Eu vou trazer os percentuais aqui, beleza? No YouTube, geração Z tá com 92%, beleza? Agora não sei se é porcentagem aqui, mas pelo menos é 92. Acho que é 92 nos últimos 3 meses. Vou pegar mais aqui, vamos lá. YouTube, Facebook. É, pessoal, é por cento, é por cento, por cento. 90 não é fake news, tá escrito aqui. Vocês que não estão tendo a entender, vamos lá. 92%, pelo menos é o que ela faz aqui, Marta Gabriel. Depois, qual que é a segunda rede? Achou?
Achei a pesquisa aqui, vamos ver. Achei em inglês aqui, deve ser a mesma. The Social, porque tem um 92% aqui.
É 92%?
Media Generation Gap, share of residentes dos Estados Unidos. Então daí já muda absurdamente tudo que a gente vai falar. Respondentes que usam, ela não traz essa informação aqui, 3 plataformas nos últimos 3 meses em percentual. Então assim, não é quanto eles usam, mas quantos deles usam, entendeu? Então assim, do total de 100% da geração Z, 92% acessam o YouTube, 91% dos millennials, 84% da geração X, e cadê o baby boomer? 71% dos baby boomers.

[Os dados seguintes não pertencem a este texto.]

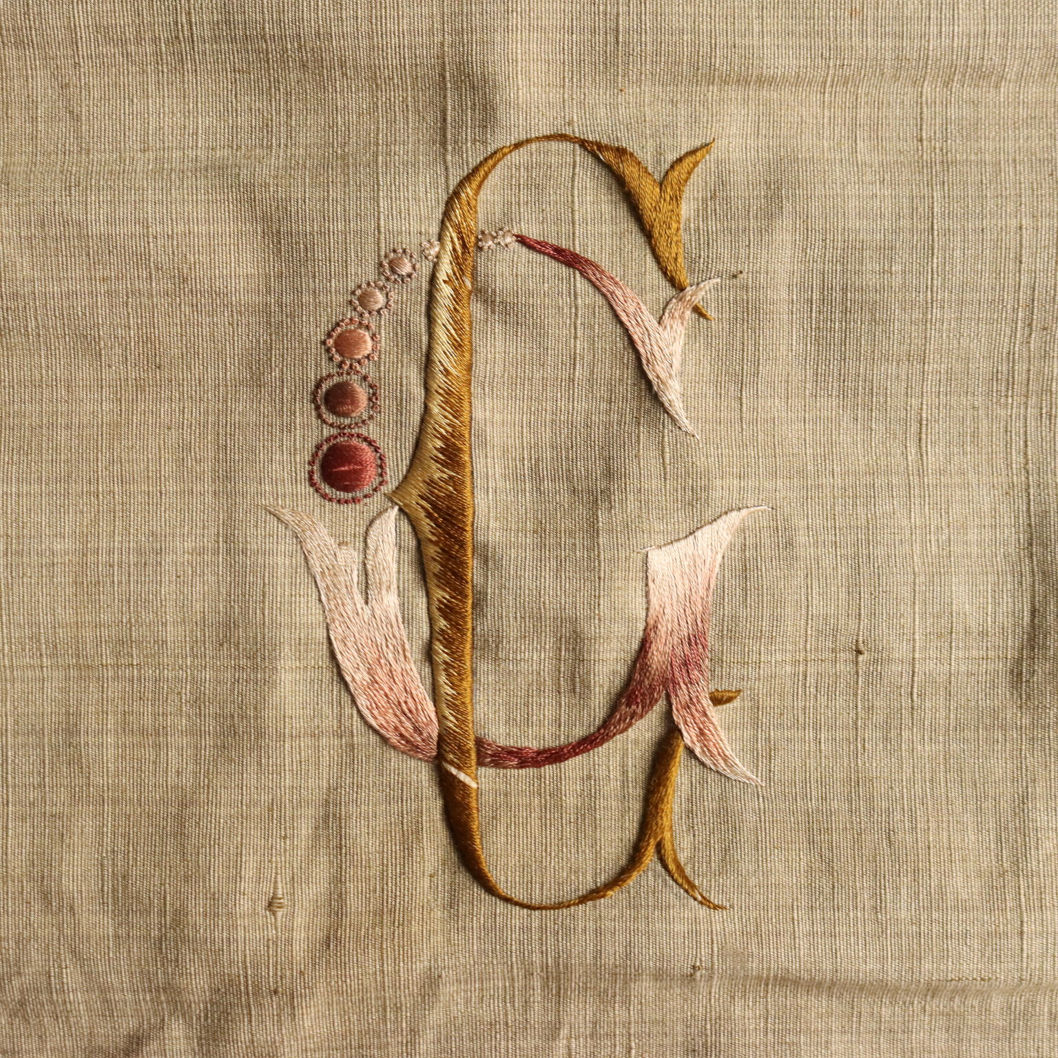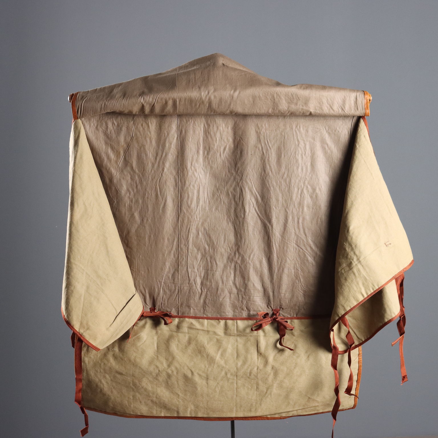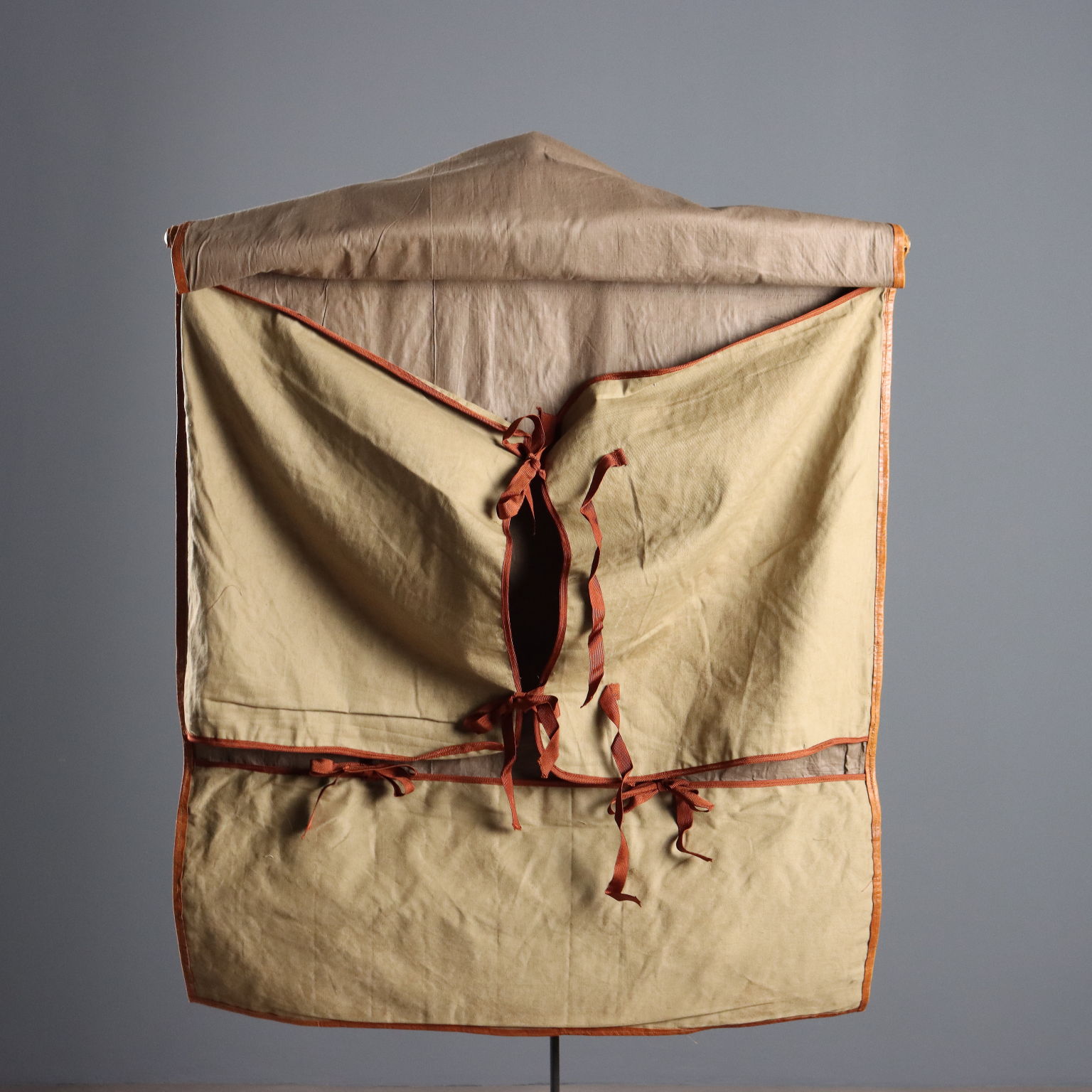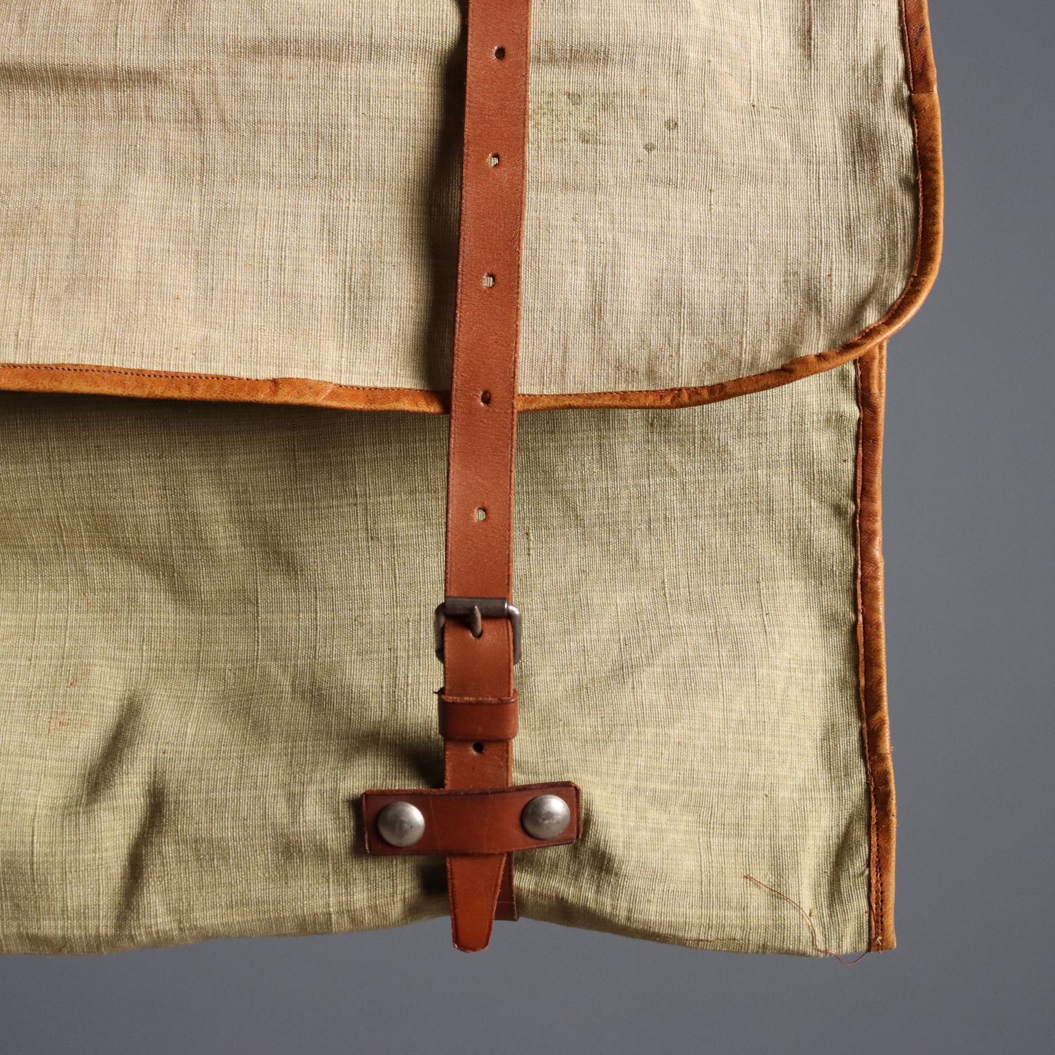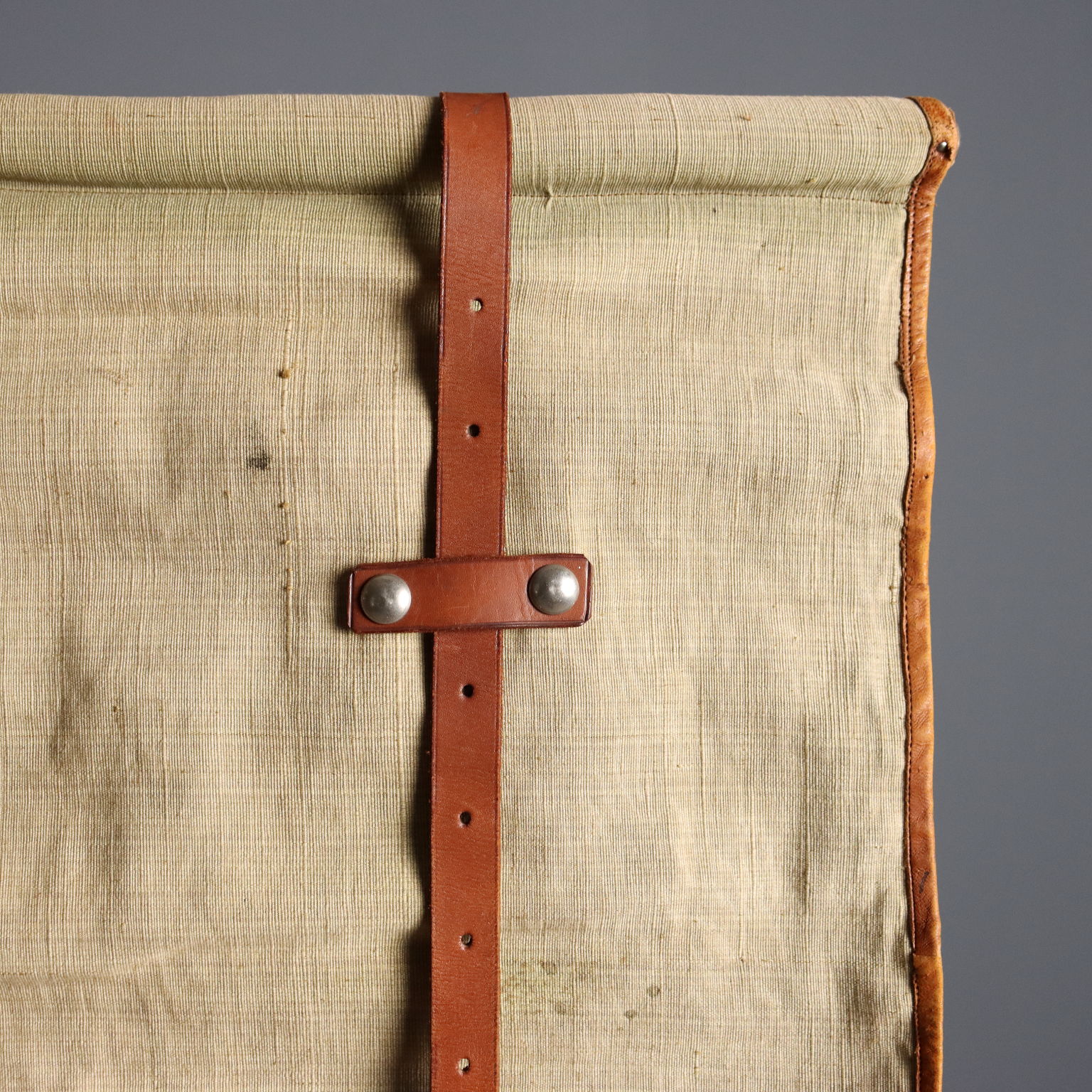 Prächtiger Stoffkoffer mit Zahlen- und Satinstichstickerei, geeignet als Kleidersack, mit Ledergriff und -kante.

Facebook, aí o Facebook, a geração Z, só 75% da geração Z, o que eu acho bastante.
75, né?
75 tem o Facebook. 88 dos milênios, 87 da geração X e 87 da baby boomer. Bem igual. Então é um público mais velho que consome Instagram. Aí eu, geração Z, tá aqui forte no Instagram. 86% dos respondentes estão no Instagram, 77% dos milênios, 56% da geração X e 41% dos baby boomers. Daí no TikTok, 79% da geração Z está no TikTok, 64% dos millennials, e por aí vai. Então é uma estatística válida, mas eu acho que aqui para o Brasil muda muito, muda muito.
Mas a pergunta em si, Thiago, acho que a Marta Gabriel colocou mal aí, que sei que você leu, tô te sacaneando, mas eu acho que ela colocou mal, porque a pergunta em si é quantos por cento dentro da geração utilizam aquela rede. E não, se você for perguntar para geração Z qual é a rede que ele mais utiliza, certamente não vai ser mesmo nos Estados Unidos.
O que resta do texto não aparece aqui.